Those needing their starch, meanwhile, may have their fill of potatoes. Hash browns and egg for breakfast, baked potato and tuna salad for lunch, sauteed potato, fish and salad for dinner.
That’s if you’re worried about overconsumption of the blissfully fiber-free matzah over the course of the week. I quite like matzah. With butter, peanut butter, charoset, Nutella, marmalade, hummus, and, not least, lemon curd. And although I normally only ever eat wholegrain bread or crackers, I make an exception in matzah’s case as it’s hard to tell the box from its wholegrain cousin!

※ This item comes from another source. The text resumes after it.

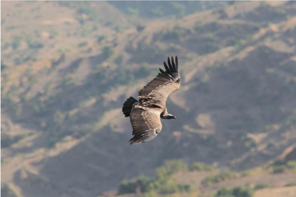
Rüppell's Vulture, Vautour de Rüpell

Planning ahead of time can make planning Passover meals a lot easier. Here are 13 breakfast ideas. Please adjust them according to your own needs, as some may follow Ashkenazi traditions, which exclude not just the BROWS (my pnemonic for barley, rye, oats, wheat, spelt), but any other so-called kitniyot, which may resemble the former grains, such as legumes and lentils. Sephardi traditions exclude BROWS, but allow rice, corn, peanuts, legumes and lentils. And if all this grainy talk is turning your brain to couscous, fear not. Just reach for the boxes and packages labeled ‘kosher for Passover.’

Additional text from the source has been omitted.